Protecting intact habitat in the Tropical Andes
A new conservation area protects one of the most biodiverse places on the planet.
Santiago encompasses 34,051 acres of montane forests and paramo grasslands within the Tropical Andes, one of the most biodiverse places on our planet. This global hotspot is known for its extensive flora and fauna and unmatched levels of endemism (species found nowhere else on Earth). Wildlife found in Santiago includes 47 species of mammals, 152 species of birds, 57 amphibian species, 344 plant species, and 11 species of reptiles. The area is home to endangered animals, such as the black-and-chestnut eagle (Spizaetus isidori) and mountain tapir (Tapirus pinchaque), and unique species, including 30 endemic amphibian species and 22 endemic plant species.

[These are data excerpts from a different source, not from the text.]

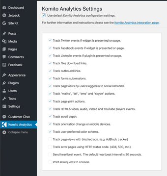 Komito Analytics é uma extensão gratuita e de código aberto que aprimora as funções do software de análise web mais popular. Com ele, os usuários podem acessar uma variedade de insights sobre o comportamento dos visitantes, incluindo acompanhamento de interações sociais, envios de formulários e cliques em links de chamadas para ação (CTA). Além disso, permite rastrear visualizações de páginas por usuários logados em redes sociais, downloads, links externos e eventos de vídeo e áudio, além de eventos de rolagem e impressão.
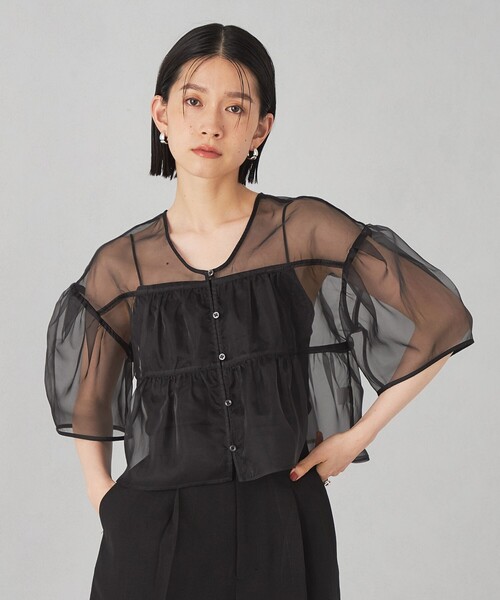 軽やかなシアーオーガンジーの前後2WAYブラウス ■デザイン ハリ感のあるオーガンジー素材とティアードデザインがモードでフェミニンな印象のブラウス。 前後2WAYで楽しめて、羽織としても使える便利なアイテムです。 ■素材 シアー感が楽しめるハリのあるオーガンジー素材。 ■コーディネート 短めの着丈でハイウエストボトムとの相性◎ デニムなどカジュアルなアイテムとの合わせがおすすめです。 #春服,#春物,#夏服,#夏物,#24SS,#シアー,#羽織り ============================ 裏地:なし 透け感:あり 伸縮:なし 光沢感:ややあり ケア方法:ドライクリーニング ============================ < EMMEL REFINES(エメル リファインズ) > Pleasure ~今を楽しみ、変化を楽しむ~ EMMEL REFINESは変化していく時代やトレンドを恐れなく前向きに楽しみ、 今に満足せず常に自分を更新していきたい、 自分らしさを表現したい女性に向けたブランドです。 女性の共感を大切に、時代にフィットした新しいスタイルを提案します。 【注意事項】 ※商品を使用前に、タグ等に記載されている「取り扱い上の注意書き」、「洗濯表示」を必ずご確認ください。 ※商品画像は、光の当たり具合やパソコンなどの閲覧環境により、実際の色味と異なって見える場合がございます。あらかじめご了承ください。 ※商品の色味の目安は、商品単体の画像をご参照ください。 お問い合わせの際は、ユナイテッドアローズ カスタマーサービスデスクまで下記の品名/品番をお申し付けください。 品名:EM オーガン 2WAY BL 品番:66166760971
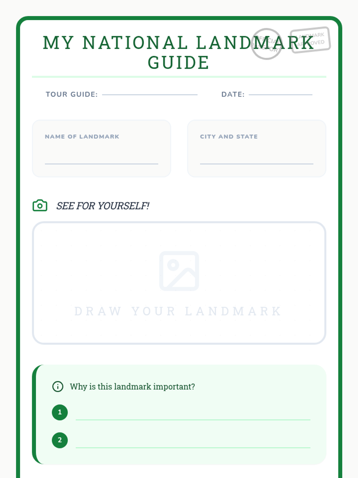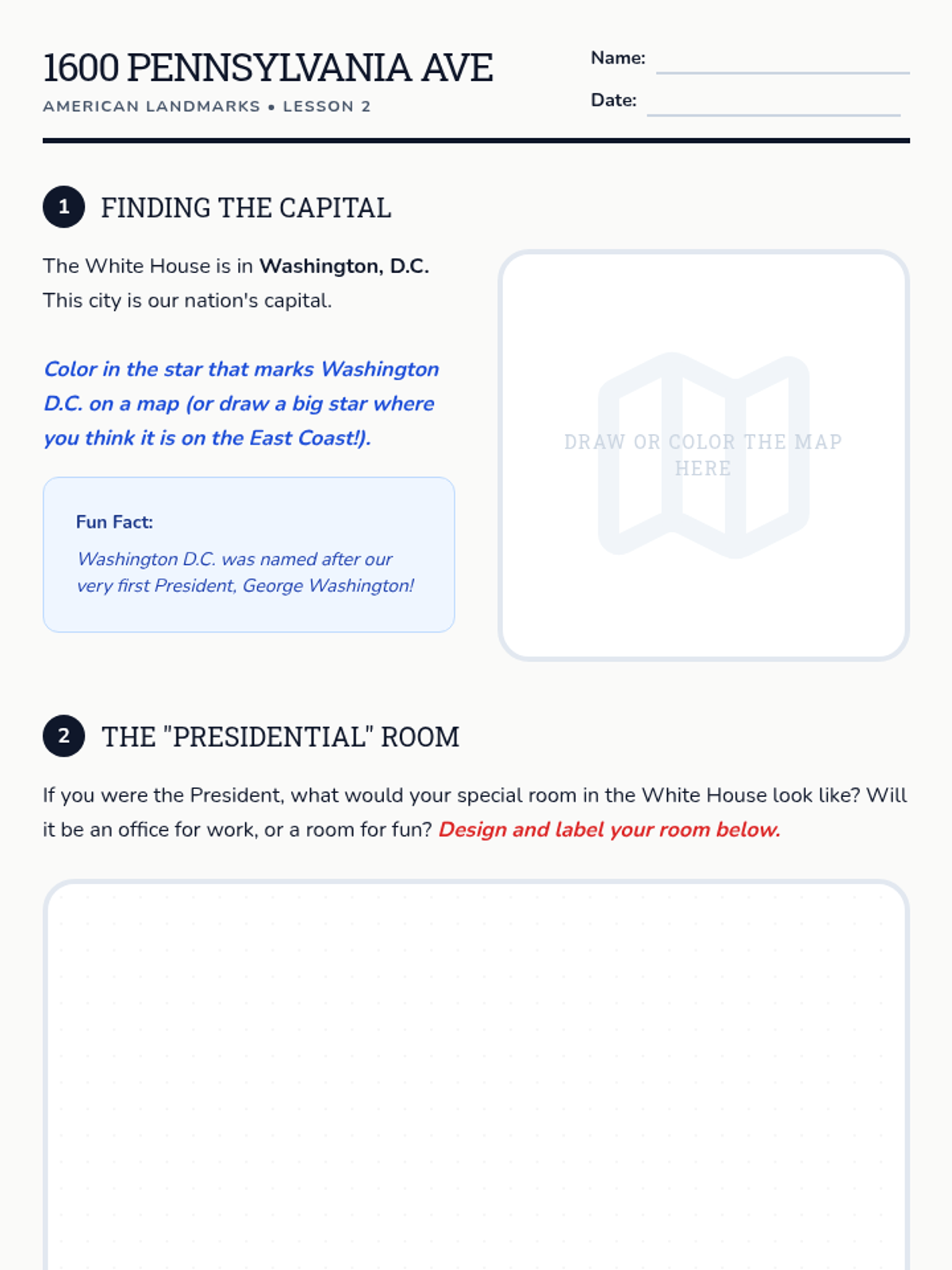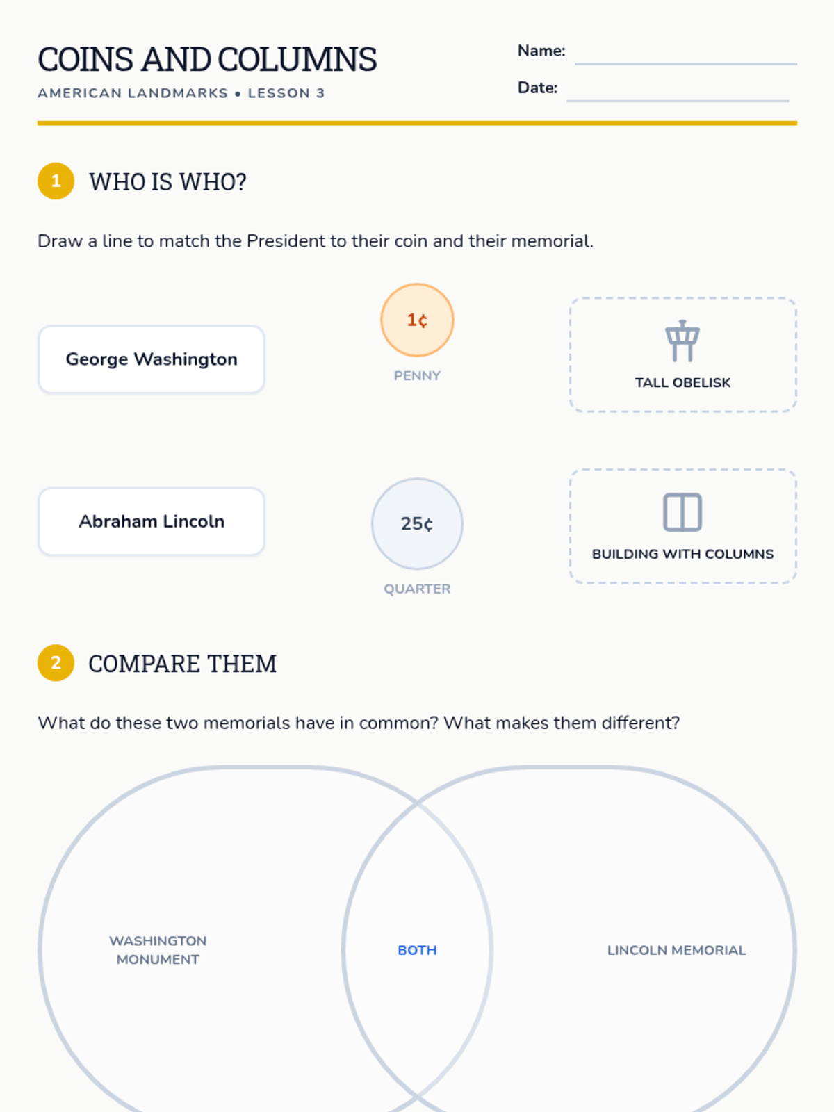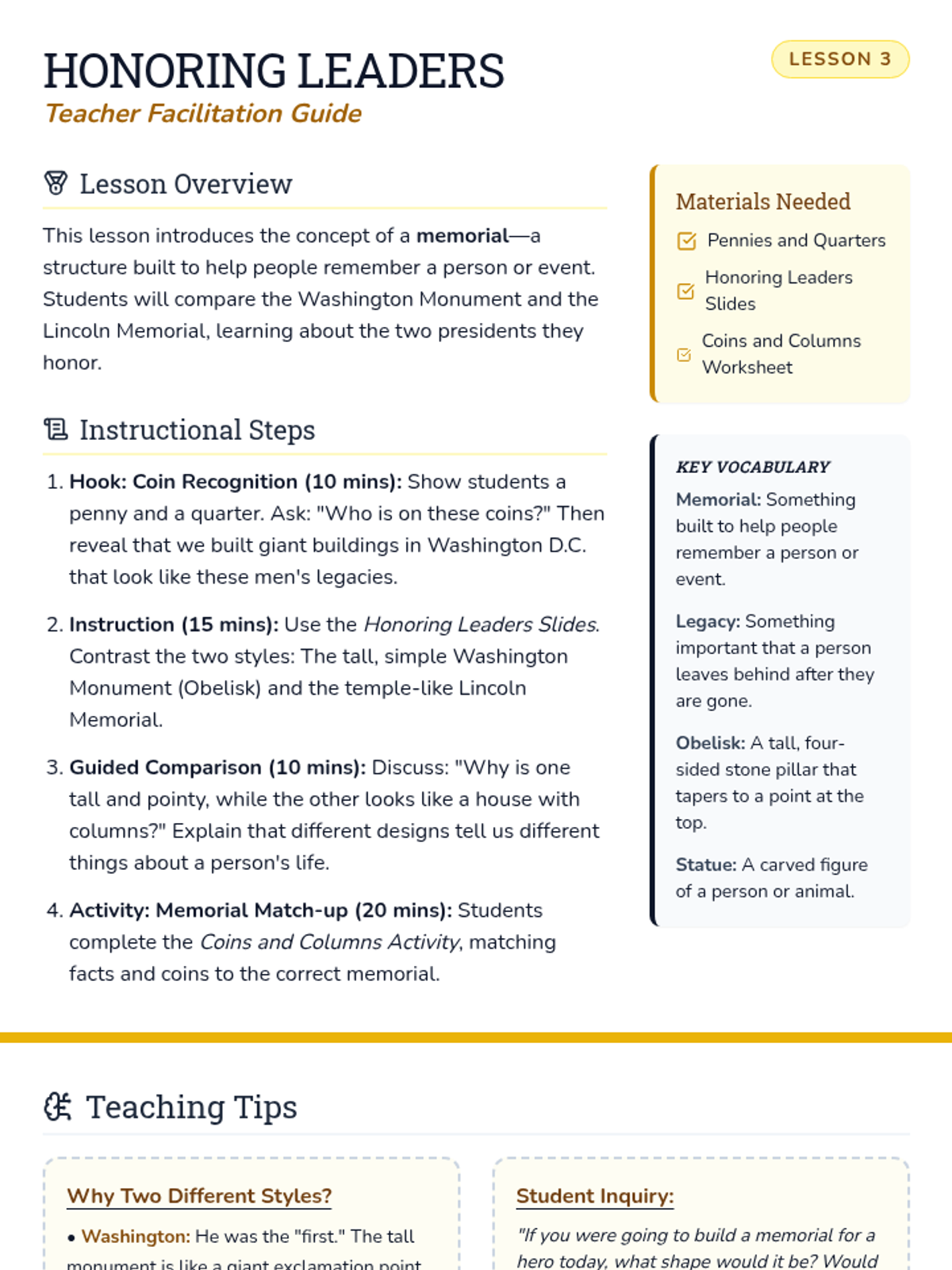 A 5-lesson sequence for 2nd graders exploring significant American landmarks including the Statue of Liberty, the White House, the Washington and Lincoln Memorials, and Mount Rushmore. Students learn about the geography, history, and purpose of these monuments in honoring leaders and values.

Adjacent to Rio Negro-Sopladora National Park, Santiago establishes habitat connectivity essential for far-ranging animals like the jaguar (Panthera onca) and the spectacled bear (Tremarctos ornatus). Additionally, it enhances the protection of critical resources in the region, including water sources. The new area contains water sources for hydropower plants and for more than 15,000 people living in nearby cities and communities.
Fortunately, most of Santiago’s natural habitat has remained intact due to the steep topography of mountains in the area and the region’s low population density. However, cattle ranching is continuously transforming forest in the region into pasture lands. Growing international demand for wood from the balsa tree (Ochroma pyramidale) also threatens the region’s habitat, as it motivates local people to cut down the tree.

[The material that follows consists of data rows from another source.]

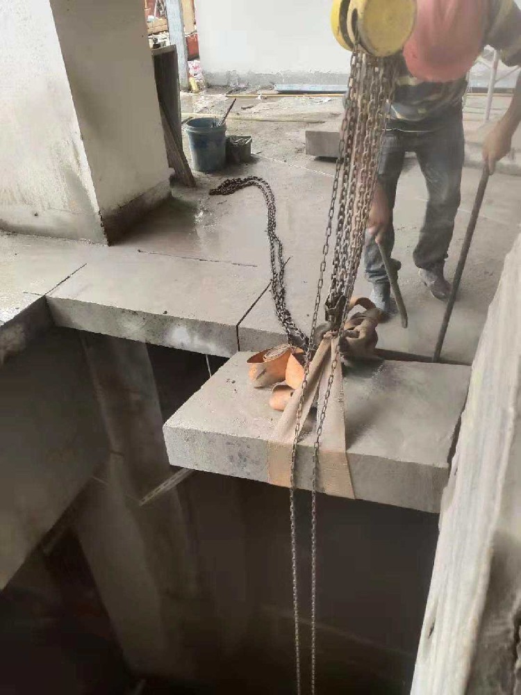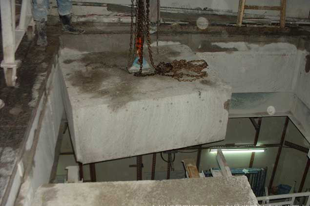 (4).主体结构楼板切割前,先用型钢做起吊龙门,吊架固定在横梁上。用钻孔机在要切割的楼板上均匀地钻4个孔,将钢丝绳穿过,然后挂在两个手拉葫芦的挂钩上?;炷燎懈詈蟮钠鹬睾胖迷诘跫苌稀?/span>
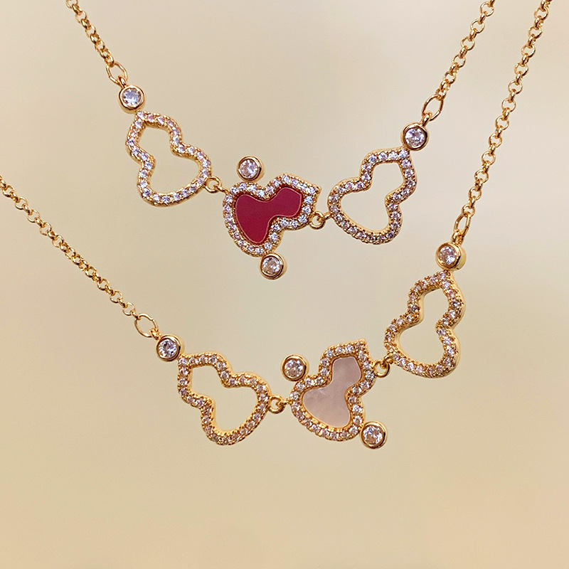 Niche Accessible Luxury Cut Out Gourd Zircon Mother-Of-Pearl Necklace Unique Design Burgundy Pendant Sweater Chain Neck Necklace for Women
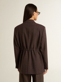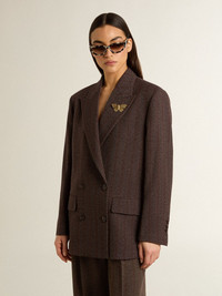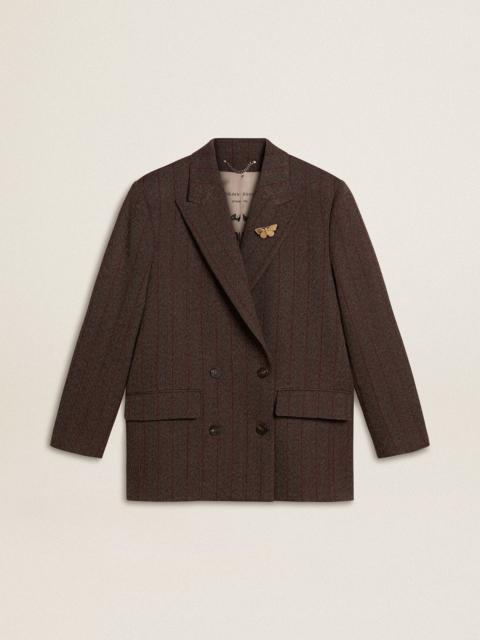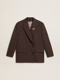 Women's double-breasted blazer in dark brown wool with thin stripe pattern

Forest loss due to agricultural expansion and logging results in millions of tons of carbon being released into the atmosphere. Santiago stores around 5 million tons of carbon, contributing to the mitigation of climate change.

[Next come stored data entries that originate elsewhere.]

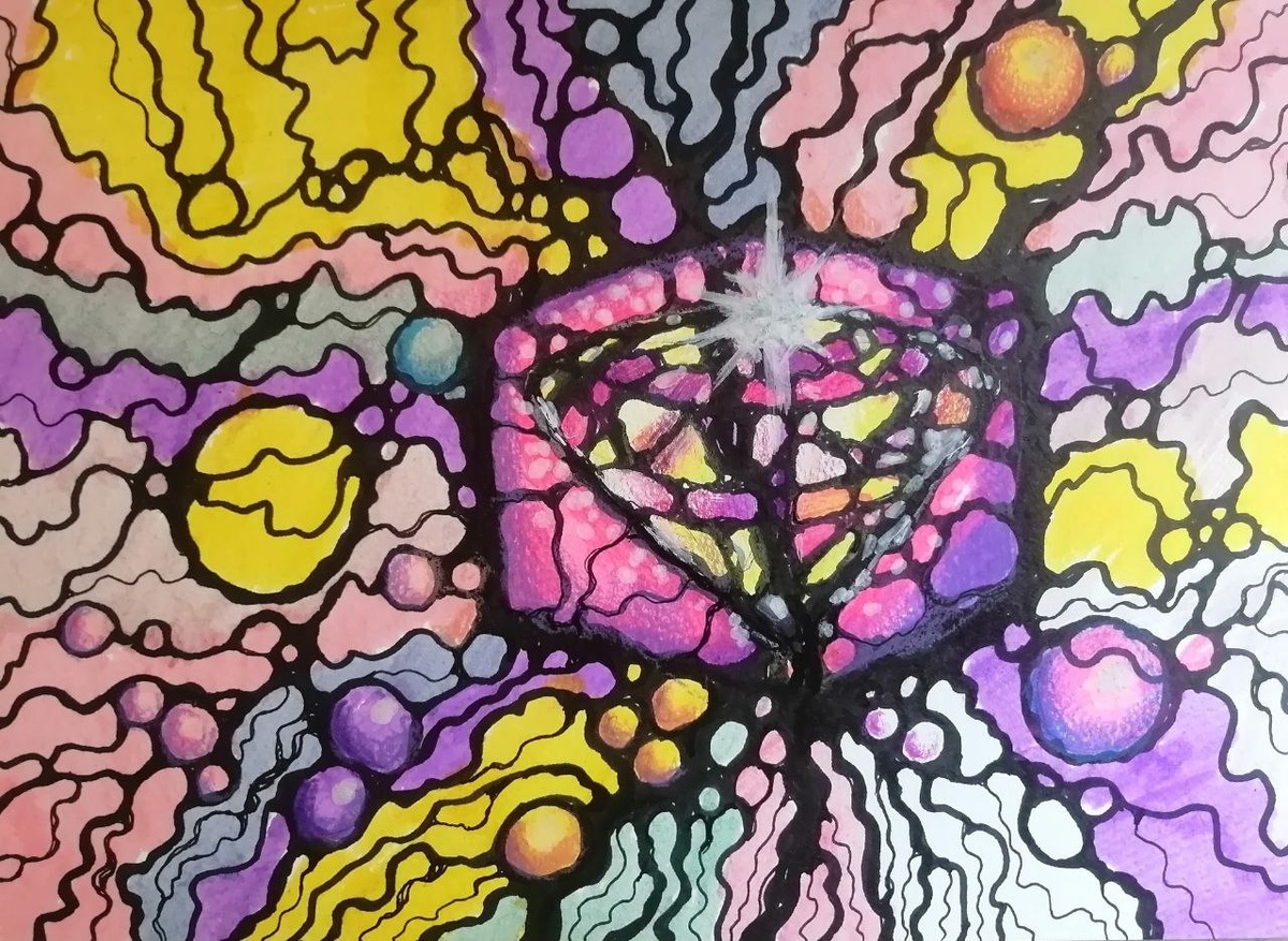 #чёрныйящик #3 Вчера так душевно прониклась темой, нарисовала второй мой чёрный ящик. Утром проснулась с пониманием того, что мне не нужно пользоваться очками. Надо попробовать жить без них. Поняла, что вчерашнее рисование так изменило сознание. Уже вечер, я так и хожу без очков. А у меня +3,5. Пока не совсем комфортно. Но есть чёткое желание... Всплыло... в момент рисования с Людмилой, в самом начале, когда она только заговорила о чёрном ящике, мне очень захотелось открыть его. И я "увидела", что внутри лежит кристал. Поэтому сегодня появилось желание изобразить то, что увидела. Причём рисовала прищурясь. Зрение- то не очень пока😉. Может там не очень чётко с линиями... Благодарю за этот алгоритм. Всё никак не успокоюсь🌸🌸🌸🙏😀
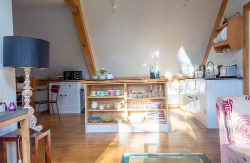 The Sycamore is a light and airy Cotswold holiday apartment which sleeps two guests (no children aged nine or under permitted except for one babe in arms on request), in a spacious bedroom, with a separate bathroom. Located on the first floor, this delightful retreat is flooded with natural light from the apex window, boasts a fully equipped kitchen, and with tasteful decor and stylish interiors, it is the perfect setting to escape from the hustle and bustle of everyday life. Just a short walk from Bibury's beautiful river makes this a perfect Cotswold gem to stay in!
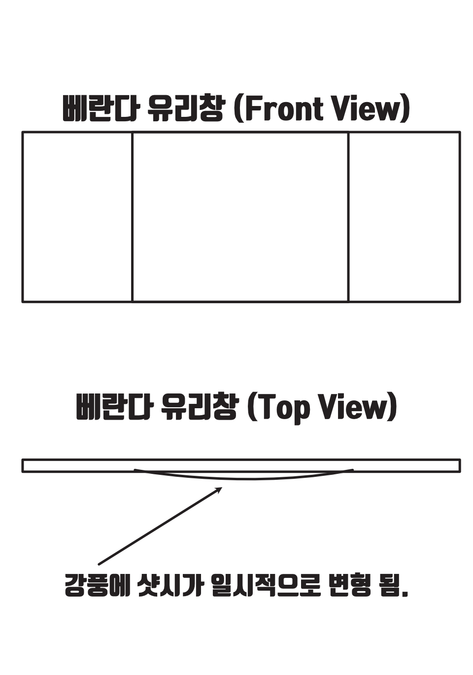 샷시 중간 레일과 내부 사이에는 약간 갭이 있는데요, 태풍 강풍에 이 갭만큼 새시가 밀려 들어올 수 있습니다.

In partnership with the local municipality, the FONAP water fund, and Ecuador’s Ministry of Environment and Water, Nature and Culture has worked on the creation of Santiago since 2017, preparing maps, technical studies, and legal documents. This work was possible thanks to generous donors like you and the financial support of World Land Trust, Moxie Foundation, Bobolink Foundation, Andes Amazon Fund, and Natura International.
With your help, Nature and Culture’s team in Ecuador will continue to work with local governments to ensure effective and lasting conservation impact in the Ecuadorian Andes.
Thank you for making this achievement possible! We hope that this bit of good news inspires you to continue fighting for nature and culture.